__Entries supplied__
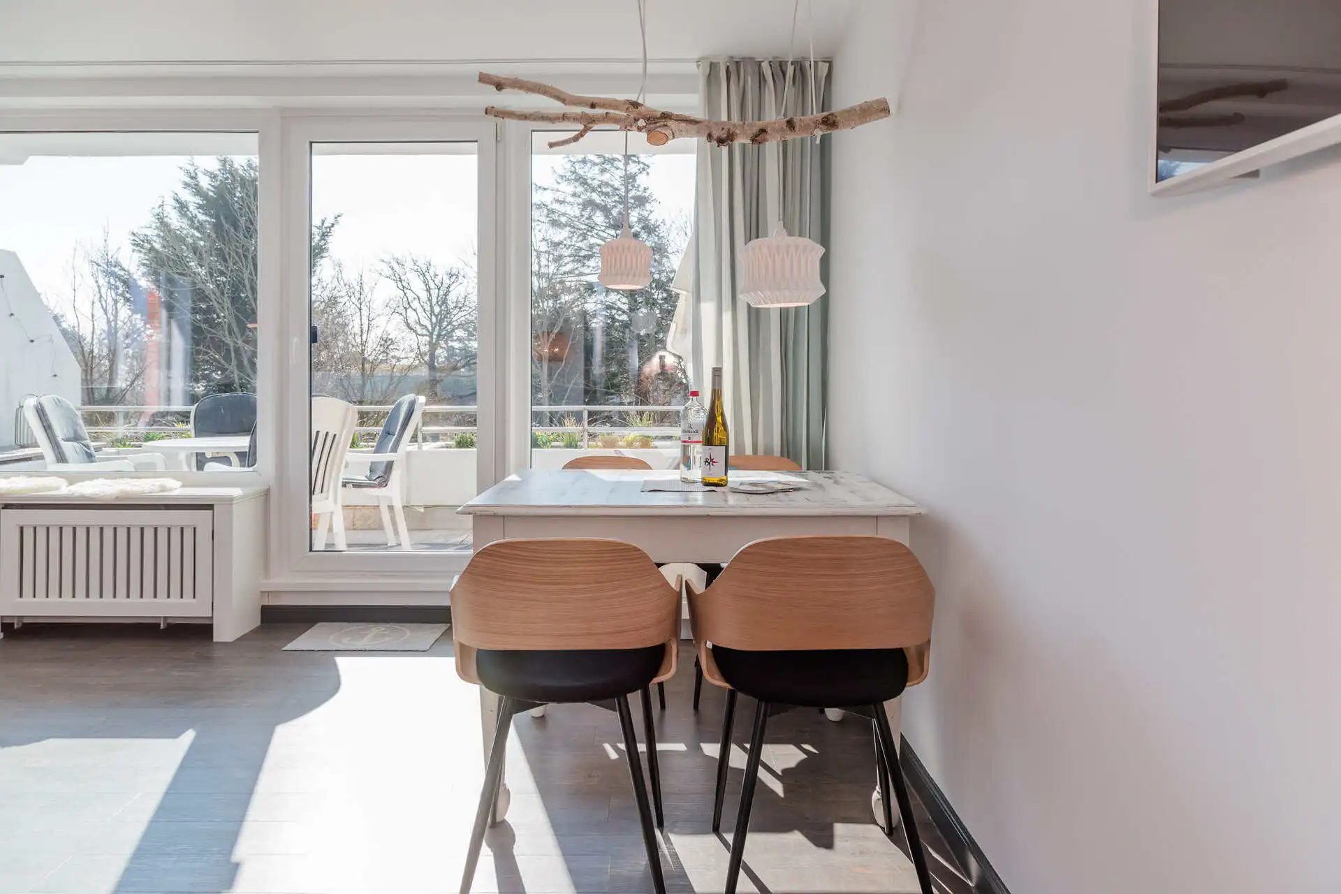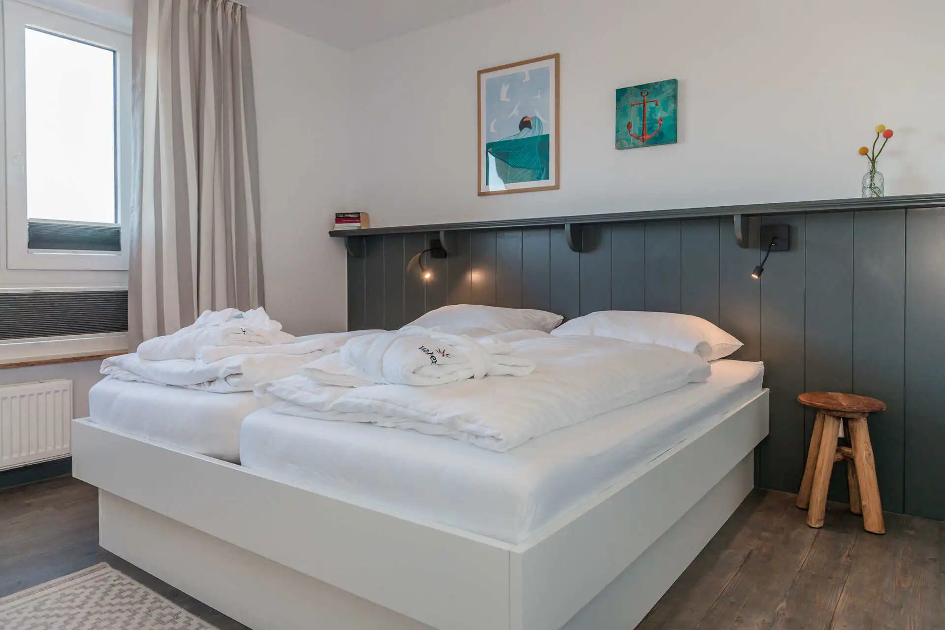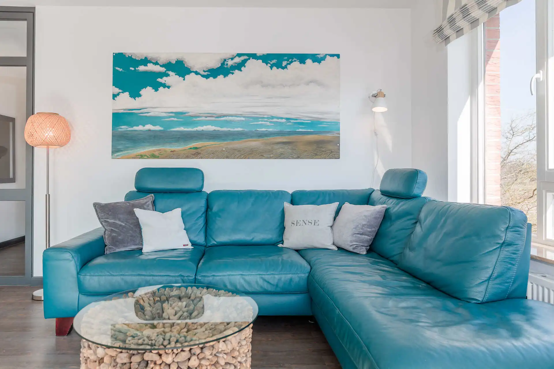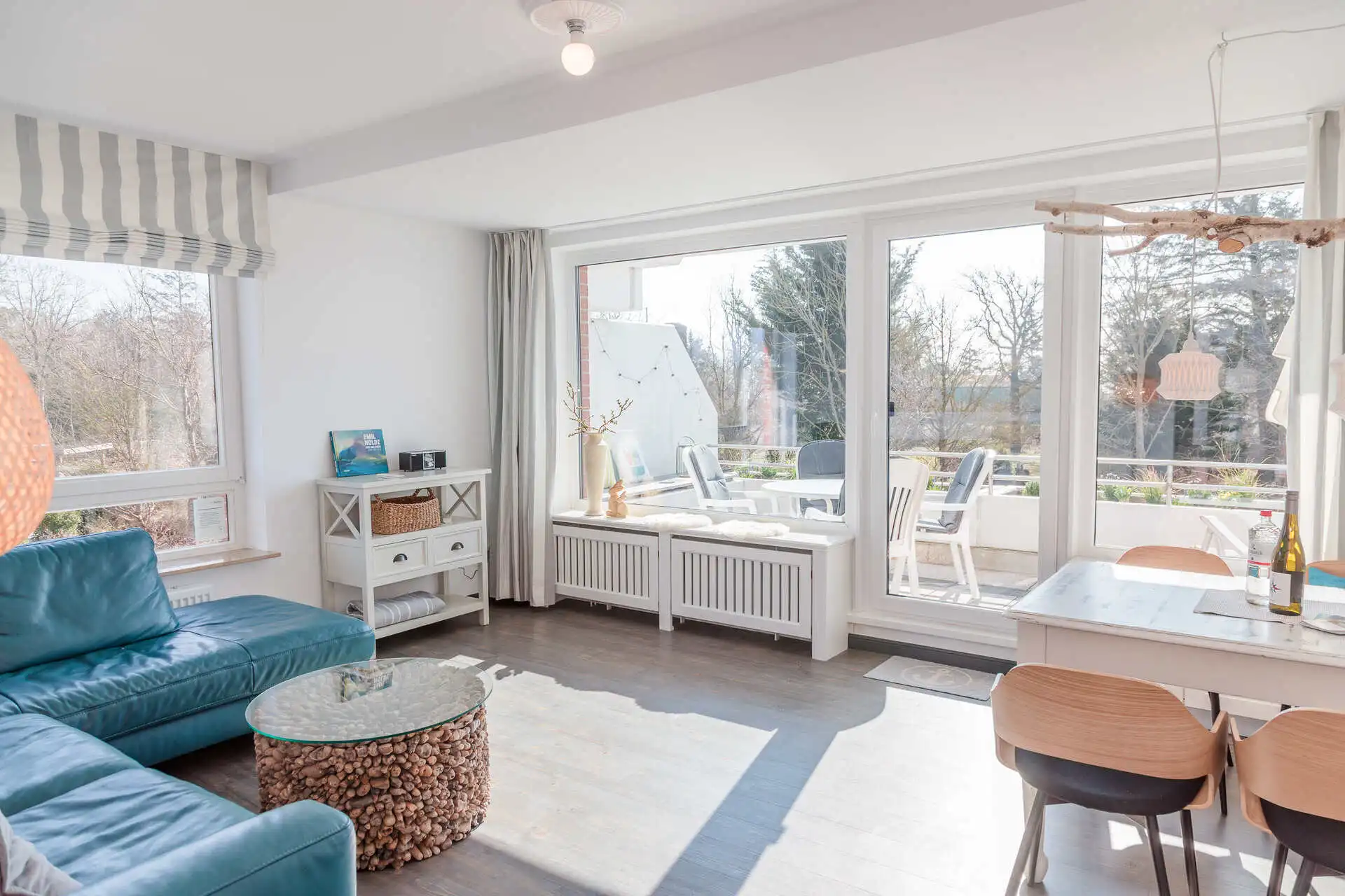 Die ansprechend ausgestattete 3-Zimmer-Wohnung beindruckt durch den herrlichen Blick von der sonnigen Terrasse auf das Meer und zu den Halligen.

---

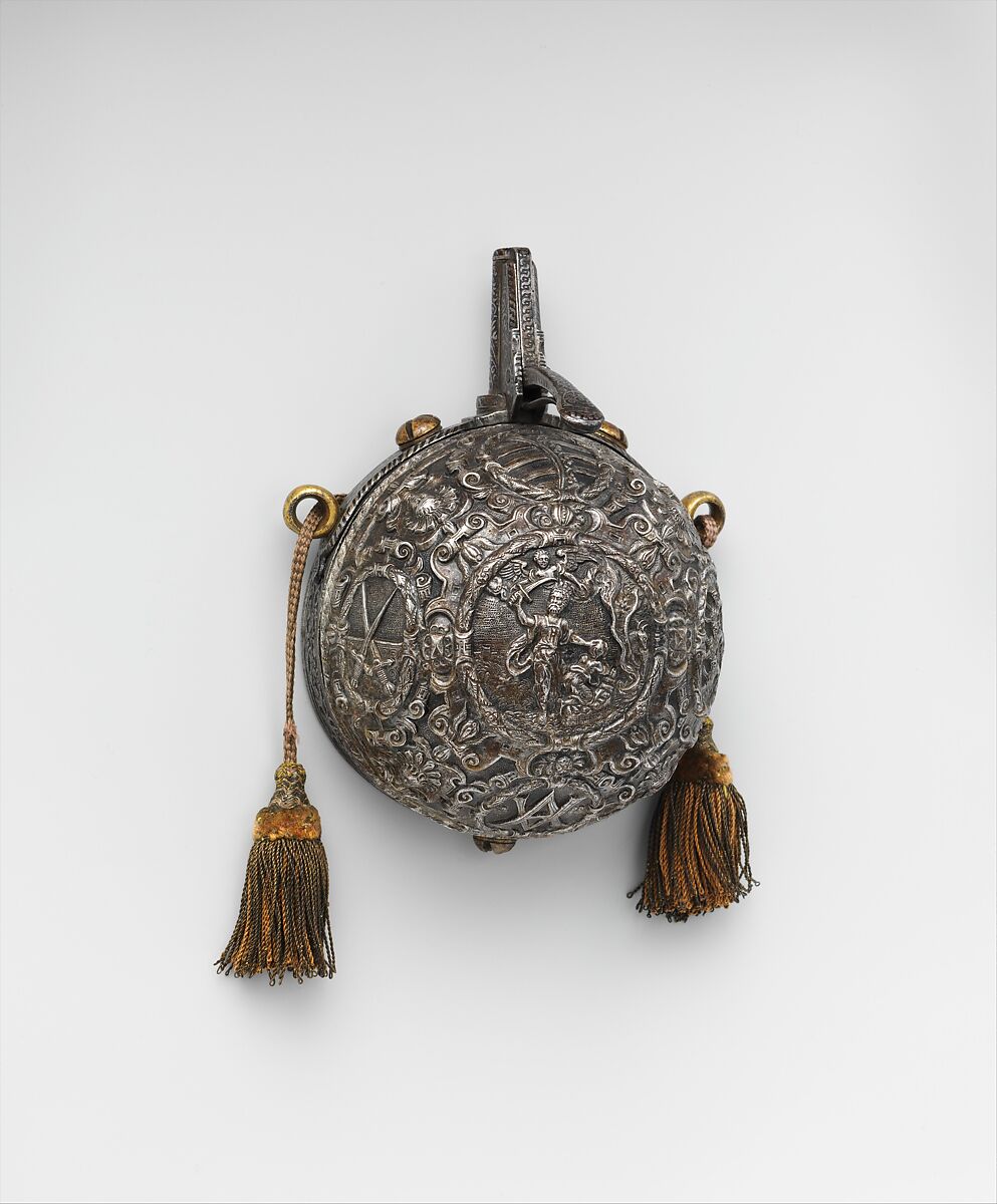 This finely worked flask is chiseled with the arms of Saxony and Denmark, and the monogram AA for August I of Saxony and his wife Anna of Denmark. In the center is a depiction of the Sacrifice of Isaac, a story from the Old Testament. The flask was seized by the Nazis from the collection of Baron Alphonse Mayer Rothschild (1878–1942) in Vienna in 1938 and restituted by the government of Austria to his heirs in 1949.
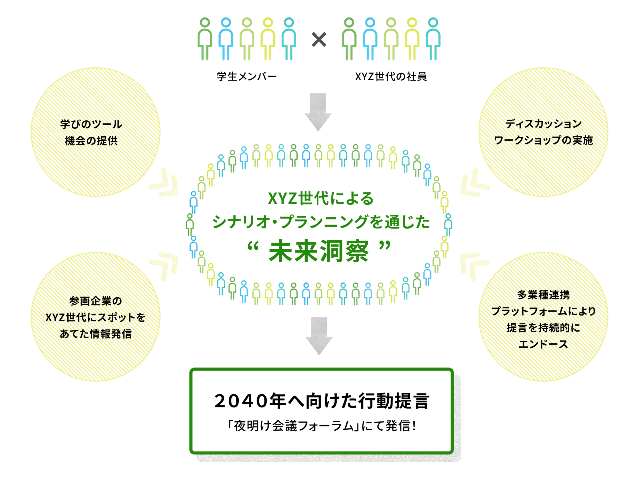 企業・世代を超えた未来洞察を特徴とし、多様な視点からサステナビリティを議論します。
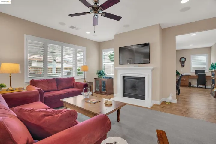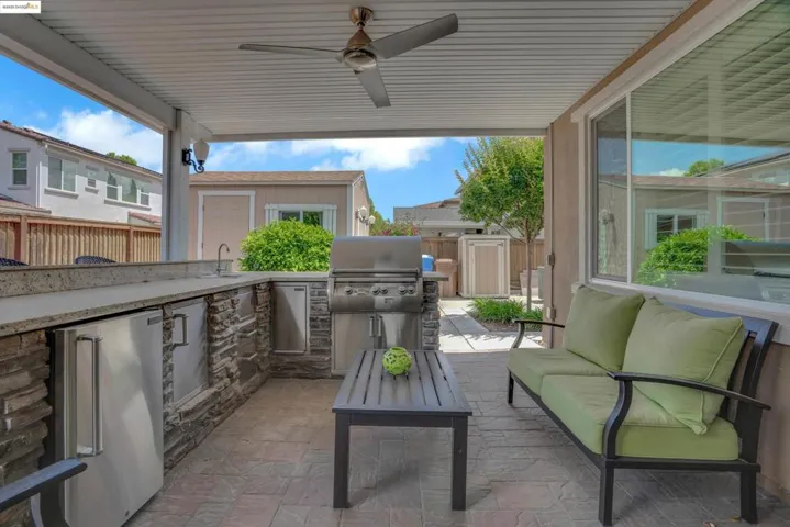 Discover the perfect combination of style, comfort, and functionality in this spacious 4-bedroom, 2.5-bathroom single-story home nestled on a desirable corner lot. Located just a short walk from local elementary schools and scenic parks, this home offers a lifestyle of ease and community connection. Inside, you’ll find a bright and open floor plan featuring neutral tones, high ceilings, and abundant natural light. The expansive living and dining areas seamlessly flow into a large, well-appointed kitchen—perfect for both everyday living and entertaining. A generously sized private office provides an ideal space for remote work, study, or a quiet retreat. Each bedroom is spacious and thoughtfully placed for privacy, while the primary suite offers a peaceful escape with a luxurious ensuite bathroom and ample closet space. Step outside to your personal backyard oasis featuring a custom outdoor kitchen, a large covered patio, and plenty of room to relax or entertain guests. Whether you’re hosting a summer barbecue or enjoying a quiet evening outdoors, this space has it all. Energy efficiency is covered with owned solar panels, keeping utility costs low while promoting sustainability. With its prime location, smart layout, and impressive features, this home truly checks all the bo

...

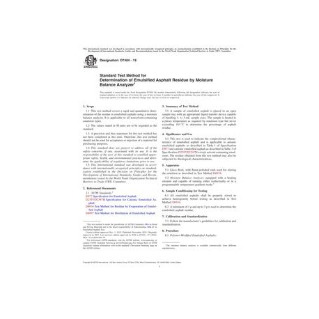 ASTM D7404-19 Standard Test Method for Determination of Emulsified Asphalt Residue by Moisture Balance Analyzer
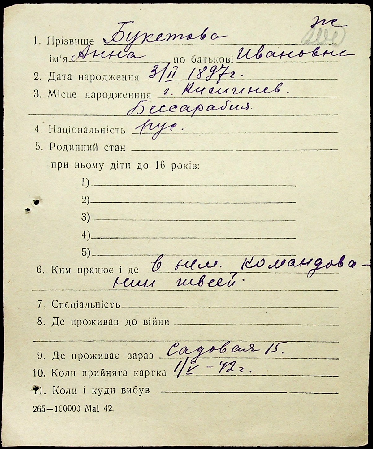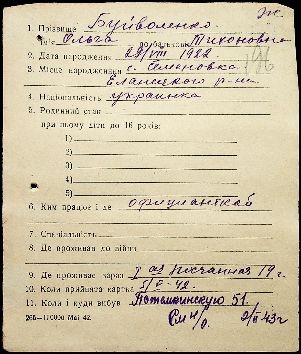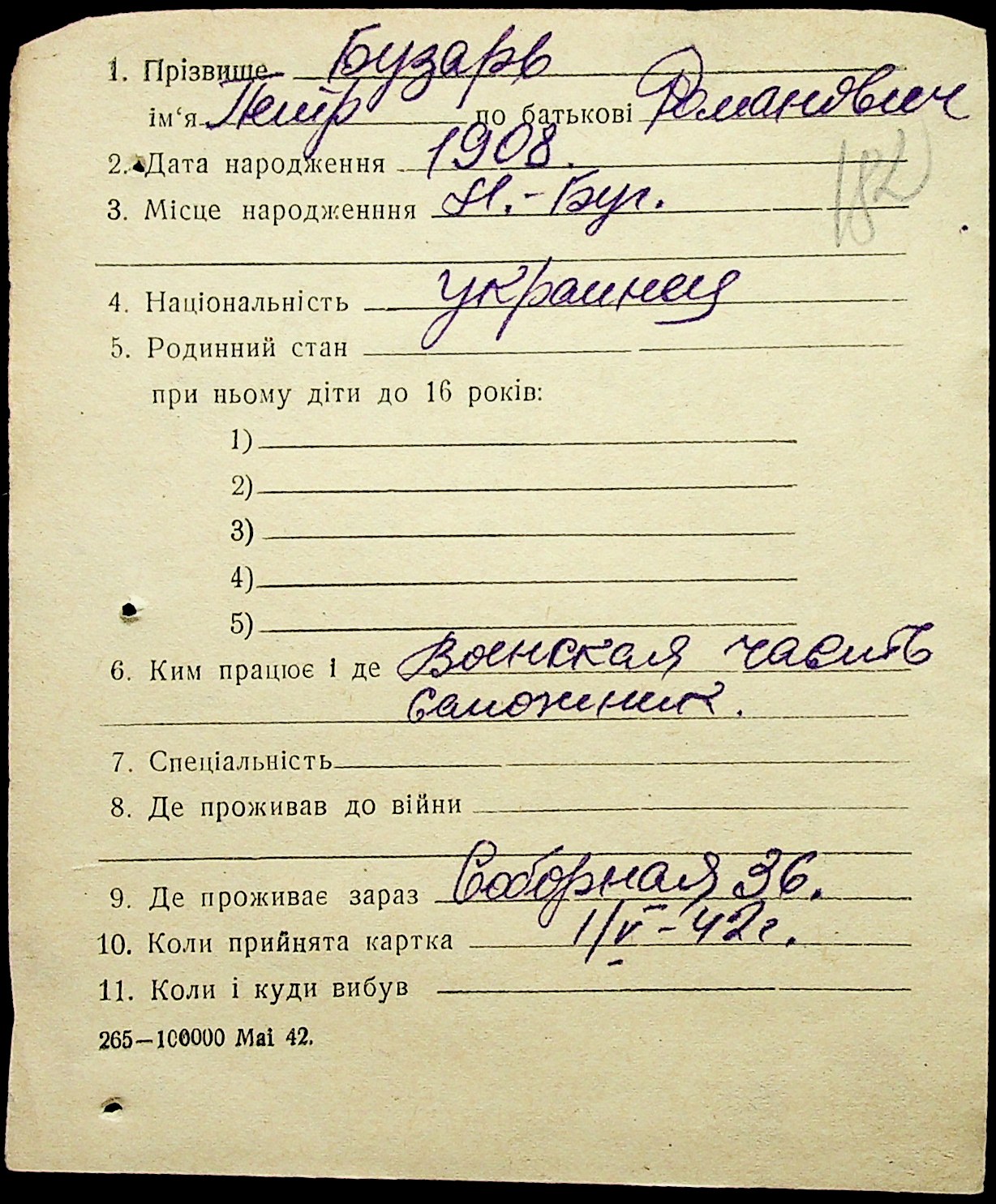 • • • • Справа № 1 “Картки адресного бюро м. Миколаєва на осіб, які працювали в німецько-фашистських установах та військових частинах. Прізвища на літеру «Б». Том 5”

__Your task__
The reply should hold the entries above from the line with "ASTM D7404-19 Standard" to the line with "адресного бюро м.", duplicated exactly, pictures excluded.

__Problem solution__
 ASTM D7404-19 Standard Test Method for Determination of Emulsified Asphalt Residue by Moisture Balance Analyzer
 • • • • Справа № 1 “Картки адресного бюро м. Миколаєва на осіб, які працювали в німецько-фашистських установах та військових частинах. Прізвища на літеру «Б». Том 5”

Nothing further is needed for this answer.